The event starts at 6pm and they promise it will end at 9pm. And one more thing, because it’s in the beer tent, you must be at least 21 years old to get in. The chiefs will be watching………….

--In other “news”, the weekly ‘Poll of the Obvious’ is in. This time from Zogby Analytics, who announces that they asked over a thousand people between the ages of 18 and 34 about how they use their so-call ‘smartphones’. Now, I’ve always thought that ‘smartphones’ were not named accurately, but setting that argument aside for another day, the poll I am quoting here reports that nearly 90 percent of those asked told Zogby their ‘smartphone’ never leaves their side. 80 of them admitted that the first thing they do every morning is to reach for it (probably because most use it as an alarm clock). These so-called “Millennials” claim to spend over two hours each day looking at their ‘smartphone’ screens and 60 percent of them predict that everything you do each day will require your ‘smartphone’ five years from now.
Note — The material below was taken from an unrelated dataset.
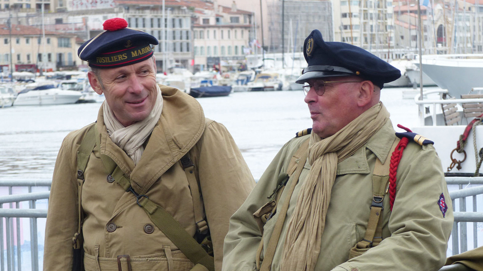 Fusiliers Marins en discussion devant les bateaux du Vieux-Port, reconnaissables à l'ancre de marine sur la casquette et au pompon rouge sur le bachi légendé "Fusiliers Marins".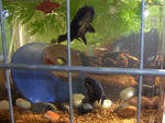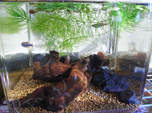 友人のお言葉やその後、軽い勉強の結果、画像のような水槽レイアウトにしましたよ。本当は何も入れないほうが、泳ぎの上手でないらんちゅうちゃんたちには良いらしいのですが、それではさみしいので…。

That’s quite a prediction. I personally don’t see how a ‘smartphone’ will help you hug your kids or go to the bathroom, but I’m a bit old-fashioned, I suppose. Heck, I didn’t even own such a device until last year. Up until then I really did think that ‘smartphones’ were smart. That is, until I owned one and discovered that it is slow, clunky, and you need to tell it not only what to do, but how to do it if you want it to do anything more than to annoy you by predicting what word you will type next or what place you will drive to next and then it will fight with you about it if you wanted something different than the prediction it offered. I don’t consider that smart. I consider it impertinent. But I consider impertinence to be a youthful trait and the probable reason so many youth are not annoyed by it.
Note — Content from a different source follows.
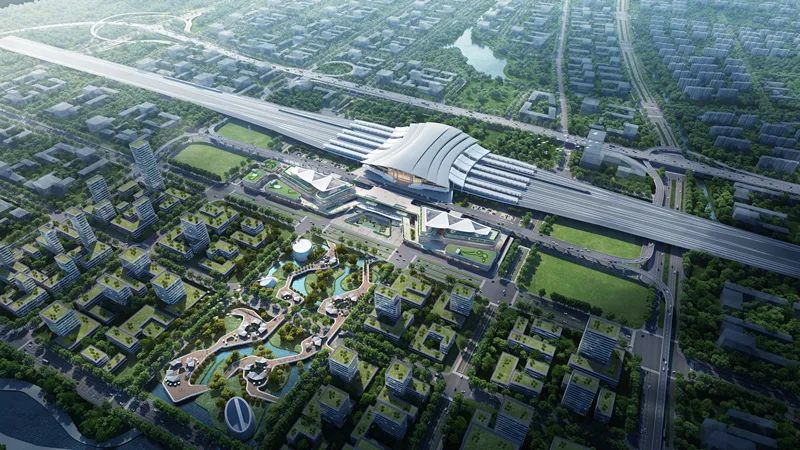 不仅如此,作为泰州地区第一个高铁综合交通枢纽,泰州市高铁南站综合交通枢纽是我市全力打造现代化“枢纽泰州”的标志性工程,也是展示泰州城市形象、凸显泰州人文魅力的新地标、新名片。该项目被列为2024年市级政府投资重点项目。 “在长三角产业一体化发展趋势下,这个项目是高铁枢纽片区‘一核、三轴、八组团’空间结构中‘一核’的核心工程之一。”项目设计总负责人介绍,该项目是交通融合、功能融合、生态融合、形象融合“站城一体化理念”的新实践,“通过悠久文化的传承、多元化交通的衔接、混合式发展的模式、阶梯度开发的设计、开放式空间的布局、创新天际步行的交汇,构建了无边界的混合生态空间。” 据介绍,泰州市高铁南站综合交通枢纽项目包含南站站房及站房同步实施工程、铁路红线外市政配套工程两部分。铁路红线外市政配套工程又分为涉铁道路工程、泰州高铁南站、综合客运枢纽、姜高路二期改造工程四个子项目。

The other thing that concerns me so much about these announced trends is that they are polling people who have yet to discover that being an individual based upon some devices predictions won’t hold up over time. I say that because this group of people seems to think nothing of declaring they are “an individual” because their ‘smartphone’ is decorated with a different one of the available 8 colors than all their friends have. To me, this does not foster individuality, but it seems to work for them. And they seem to also just give up and write what the ‘smartphone’ suggests to them instead of imposing their will upon the misguided inanimate object.

Well I suppose they will learn eventually what being an individual really means. And when they do, they will probably work to make ‘smartphones’ really smart instead of what they are now. I do hope so.